The industry has largely resisted the changes, saying the focus should be on enforcing the current standard. They have pressed the Consumer Product Safety Commission to provide data on fatalities involving compliant products, a request regulators say is unrealistic since the limited available data is often collected by police departments, not trained safety investigators.

DeLong joined the standards committee at ASTM — the same nonprofit she is now suing — last year and has listened to the argument.

“Our children are the data,” she said. “I don’t know what else [they are] looking for.”

Nancy Cowles, executive director of Kids in Danger and a member of the standards committee, shared DeLong’s frustrations, saying many manufacturers on the committee have been engaged in “constant stonewalling.”

“At every step of the way there’s been resistance and slowing the process down,” Cowles said.

The last significant update to the standard was in 2014. Cowles said members recently voted on several updates, including increasing the weight to 60 pounds. She said before the changes could go into effect any negative ballots — of which there were numerous — must first be weighed by the group.

Scolaro, DeLong’s attorney, said she is seeking $50 million in damages, money she would use to lobby Congress and the federal government for increased regulations on furniture manufacturers. In April, Rep. Jan Schakowsky (D., Ill.) introduced a bill that would require a mandatory safety standard for dressers. Sen.

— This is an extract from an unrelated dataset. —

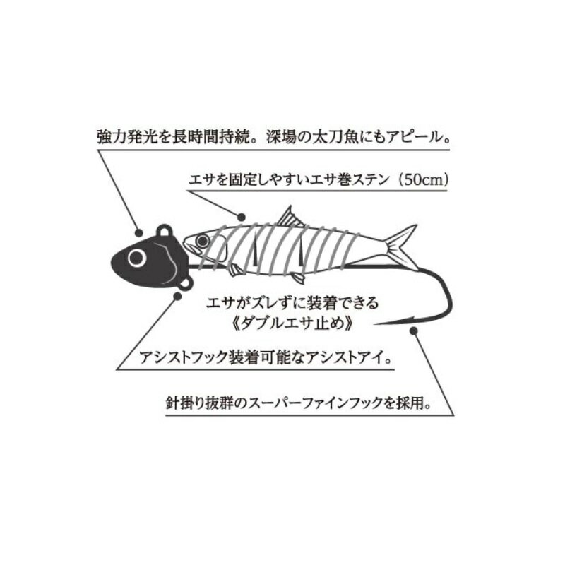 仕様表猛烈発光で太刀魚にアピール。夜光にこだわった波止用太刀魚テンヤ。2本の針で太刀魚のバラシを低減。■猛烈発光業界TOPクラスの輝度を持つ夜光塗料を採用、長時間強力発光を実現。■Wエサ止めエサのキビナゴやドジョウを固定しやすいWエサ止め採用。■Wフック僅かなアタリでもしっかりと掛ける細軸ダブルフックYAMASHITAヤマシタ 猛光 太刀魚テンヤ ダブル L●重さ:6号(約22.5g)●全長:114mm※全長は、ヘッドの先端から針の後端まで。詳細はこちら

Bob Casey (D., Pa.) co-introduced a similar bill in 2016, but it never gained traction.

“She wants to be on par with the American Home Furnishings Alliance and their influence in Congress and their influence in the regulatory process,” Scolaro said. “And the only way she can be on par with that is to have the war chest.”

It is a mission DeLong never wanted.

She said she was unaware of the danger of dresser tip-overs until one tipped on Conner.

In the hospital the next day, she wrapped him in his favorite blanket, held him in her arms, and let the doctors turn off life support.

He was gone within minutes.

She went home with one son, wondering what she could have done differently.

“I know [now] that it wasn’t me,” she said. “It’s a flaw in something bigger than me. Something bigger than Conner. Something bigger than all the other children who have died.”

Correction: An earlier version of this article misspelled the name of Kaleb DeLong.